TODAY marks the 24-year anniversary of John Tate’s passing. A man once regarded as one the best heavyweights in the world is today all but forgotten.
Knoxville saved John Tate before it was the death of him. In 1975, when an amateur heavyweight from Memphis, he caught the eye of manager and trainer Ace Miller who told Tate that if he moved to Knoxville he’d turn him into a world heavyweight champion.
Tate won a bronze medal at the 1976 Olympics but the fanfare that greeted the professional arrival of teammates Ray Leonard, the Spinks brothers and Howard Davis Jnr was largely absent. A one-round KO loss to Teófilio Stevenson in the semi-finals perhaps not the ideal closing statement in Montreal.
At the beginning of 1979, he was unranked but impressive thrashings of Duane Bobick and Kallie Knoetzee soon followed. In October, he went to South Africa where 86,000 fans watched him outbox Gerrie Coetzee over 15 rounds to win the WBA heavyweight title that had been vacated by Muhammad Ali.
The division was looking for a new leader following the retirement of Ali, and Tate was determined to fill the void. A showdown with WBC ruler, Larry Holmes, was one of the best fights that could be made. A bout with the reportedly comebacking Ali was also being discussed by Tate’s promoter, Bob Arum.
If his rise to the top was quick, the demise was breakneck. In March 1980 he lost to the unfancied Mike Weaver, a desperate slug in the final minute of their 15-rounder sent Tate face-first and unconscious to the mat. Tate was well ahead on points at the time. It was a big upset and flipped the script for both.
“Everywhere I went, it tormented me the way I lost to him,” Tate said about being on the wrong end of a feel-good story. “I can’t forget about it. People won’t let me forget about it. It will always torment me.”
Another dramatic collapse followed when Trevor Berbick stopped him in nine. He would fight on sporadically against modest opposition until 1988, when Liverpool’s Noel Quarless edged him over 10 rounds in York Hall. Still only 33, Tate spoke of his five-year battle with cocaine addiction.
He claimed that he’d been suffering from sinus headaches “for months” in 1983. No medication worked, he said. Then a friend told him a quick snort of cocaine would do the trick. That sounds like a tall tale but it’s undisputable that the drug responsible for more nosebleeds than boxing in the Eighties soon became a fixture in Tate’s life.
“I got to wondering how it would make me feel if I didn’t have a headache,” he told the Knoxville Journal. “A month after I started taking it I bought some for myself. I was hooked.”
Between 1983 and 1988, Tate estimated that he spent around $400,000 on his habit, including a $18,000 Rolex watch that he exchanged for a pound of the drug. Tate, who could not read or write, lost control of his estate. In 1985, his wife Claudia checked him into a drug and rehabilitation centre.
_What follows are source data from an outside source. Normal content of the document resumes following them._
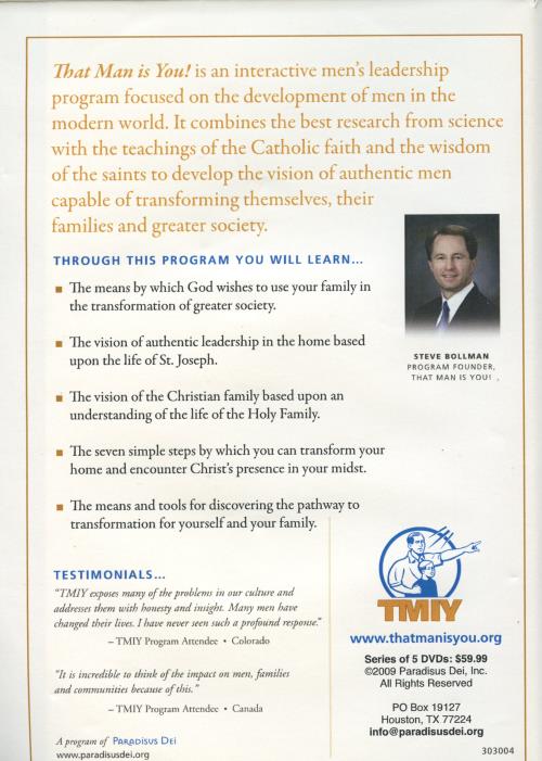 That Man is You! is an interactive men's leadership program focused on the development of men in the modern world. It combines the best research from science with the teachings of the Catholic faith and the wisdom of the saints to develop the vision of authentic men capable of transforming themselves, their families and greater society.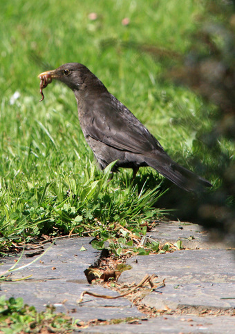 Das Foto hehört zur Serie "Amseln". Es zeigt eine Amsel (Turdus merula), auch Schwarzdrossel genannt, eine Vogelart der Familie der Drosseln. Die Männchen sind schwarz gefärbt und haben einen gelben Schnabel, das Gefieder der Weibchen ist größtenteils dunkelbraun. Es gelten die Nutzungsbedingungen der Mediothek und Pixiothek.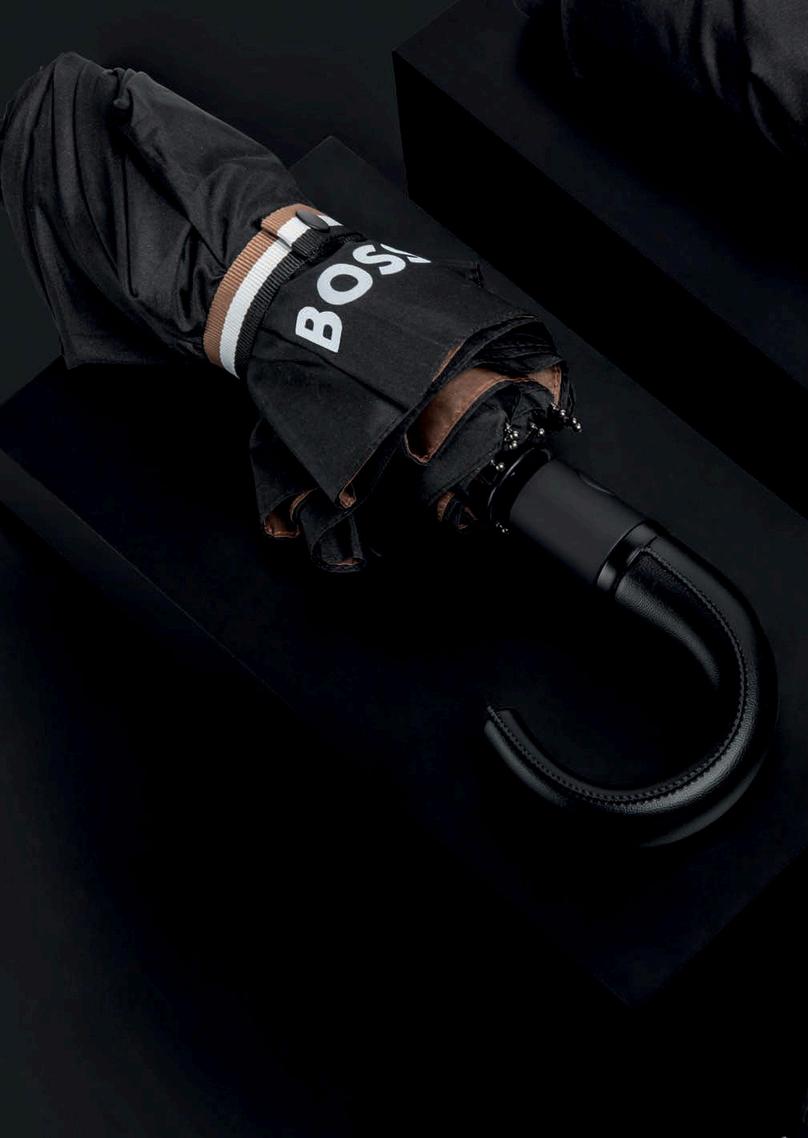 The Iconic City umbrella reflects modernity and elegance, with a nod to the BOSS brand identity in its tricolor closing strap. Other luxurious details include a double canopy, allowing for a bicolor effect: black outside and camel inside. The city umbrella weighs 600 grams and has a diameter of 113 cm when opened.

His relationship with Ace Miller ended. “We were doing well, even after the losses to Weaver and Berbick, then outside influences got involved,” Ace said. “He was no longer the man I knew and seeing him like that broke my heart.”
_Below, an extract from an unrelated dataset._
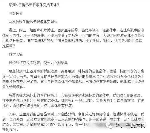 央视二套财经频道有一个节目叫做“是真的吗”,曾经报道过“手能迅速把液体变固体”,说的其实就是三水醋酸钠的饱和结晶功能,这个大家可以搜一下顺便做下实验,还是挺好玩儿的。(动图太大,自己搜)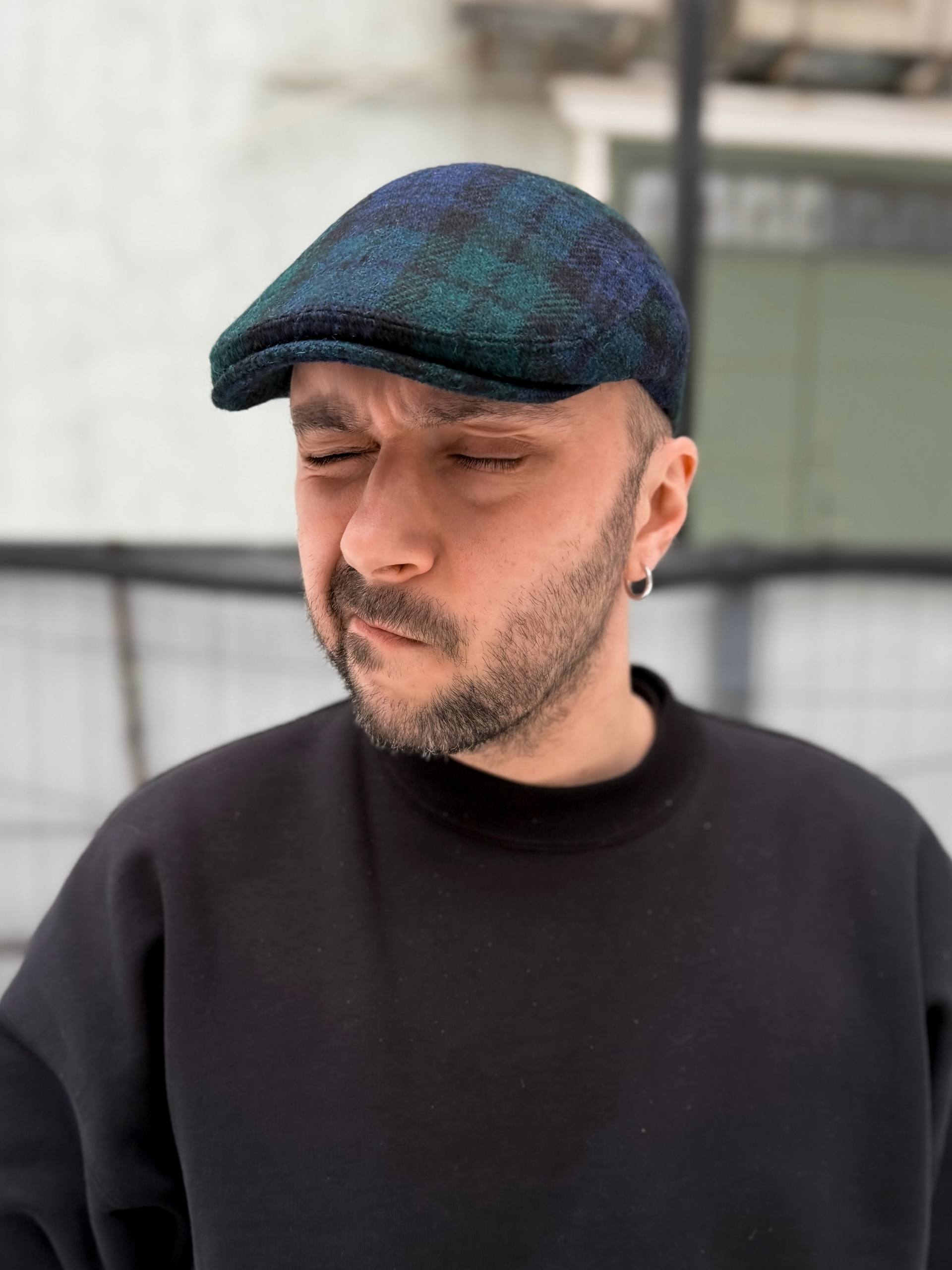 Флэт кап Sam Greywool из твида от Harris Tweed в классическую клетку-тартан Black Watch

Tate said: “When I was doing drugs it was like I was locking myself in jail. I threw away the key. All I thought about was a way to buy the stuff.”
The loss to Quarless officially ended Tate’s 34-3 (23) career. His property was auctioned in 1989 in an effort to pay his debts. He parked cars, emptied trash, worked as a bouncer and even begged for money on the streets. In the final years of his life he was in and out of prison for violating probation.
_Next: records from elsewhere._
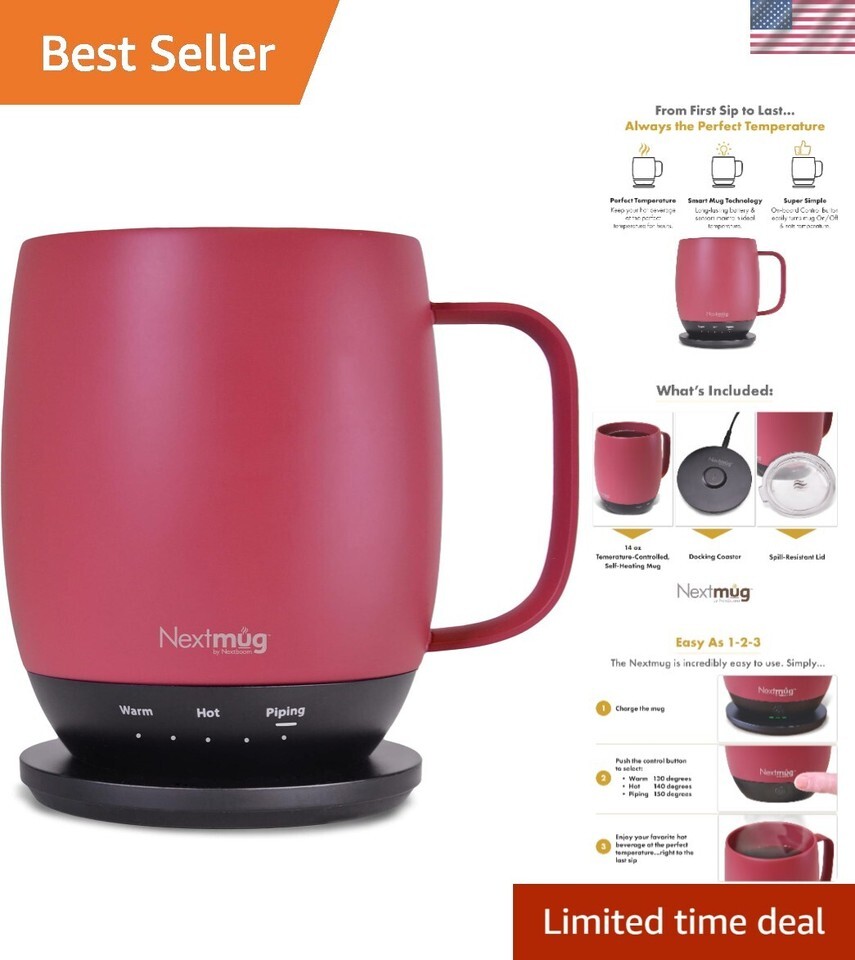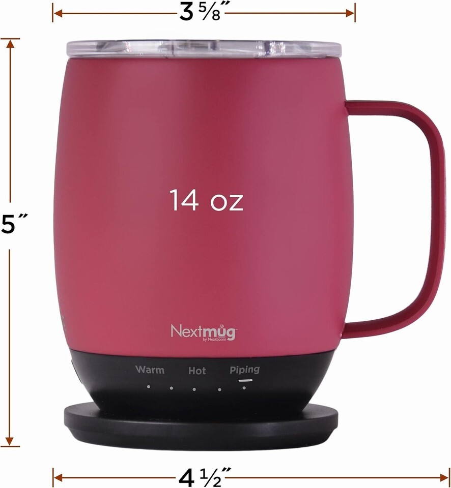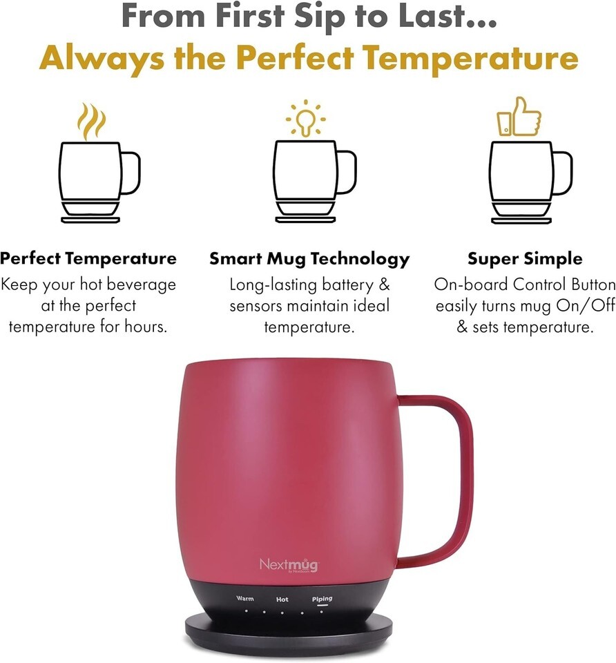 ALWAYS THE PERFECT TEMPERATURE ? The Nextmug will keep your hot coffee, tea or preferred beverage at the perfect temperature wherever you are. Simply select Warm (130), Hot (140), or Piping (150) and enjoy for hours.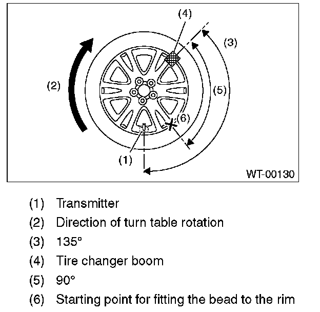 ^ To prevent damaging the transmitter, set the tire changer boom in the position as shown in the figure.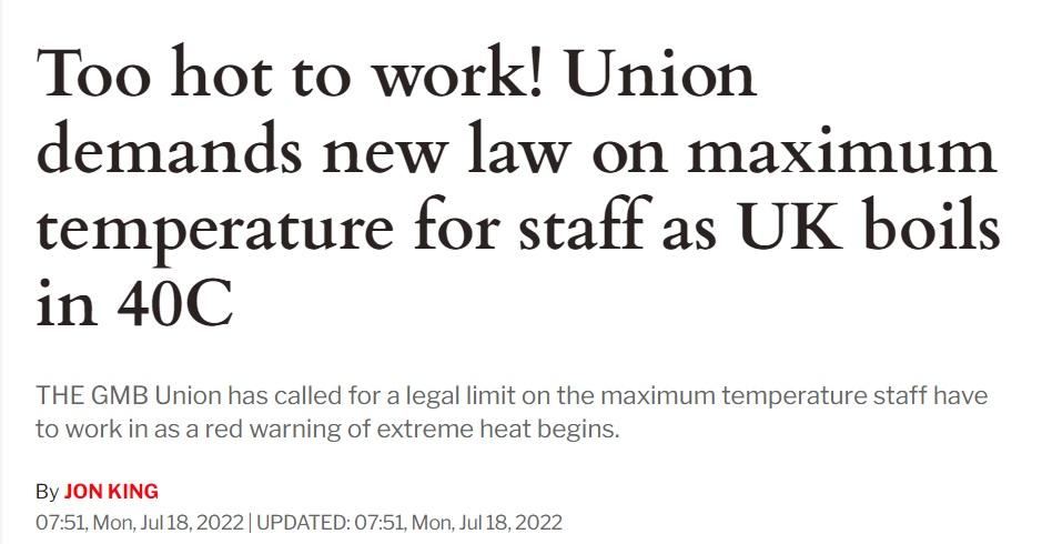 有些議員對The GMB表示支持,認(rèn)為大部分工作的高氣溫應(yīng)該定在30度,從事艱苦工作的人定在27度,一旦超過就應(yīng)該回家休息。想法很好,可惜政府還沒回應(yīng)。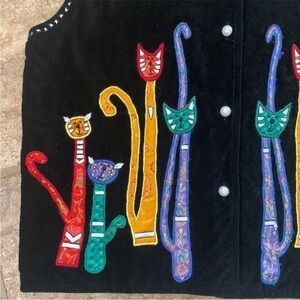 Colorful Embroidered Cats on Black Velvet Vest with Pearl Buttons Size S. Whimsical and fun in good worn condition. Visible wear on the white stitching on the back armpit area as shown.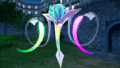 メガシンカによって脳が肥大化し、大幅に向上したサイコパワーは身体から溢れ、光り輝いています。この色鮮やかな光には、強力な催眠術の効果をさらに高める作用があり、人格や記憶までもを自在に書き換え、別人のようにしてしまうほどの恐ろしい力を持っています。

Hours before he died he was spotted outside a bar in Knoxville. “He was happy and dancing to the music on the streets,” said a friend. “He was such a kind and loveable man. He gave me a hug and said goodbye.”
At 3am on April 9, 1998, 43-year-old John Tate crashed his pickup truck into a lamppost. He had suffered from a stroke and had a brain tumour. He was pronounced dead on the scene, one mile from where he trained to win his heavyweight title.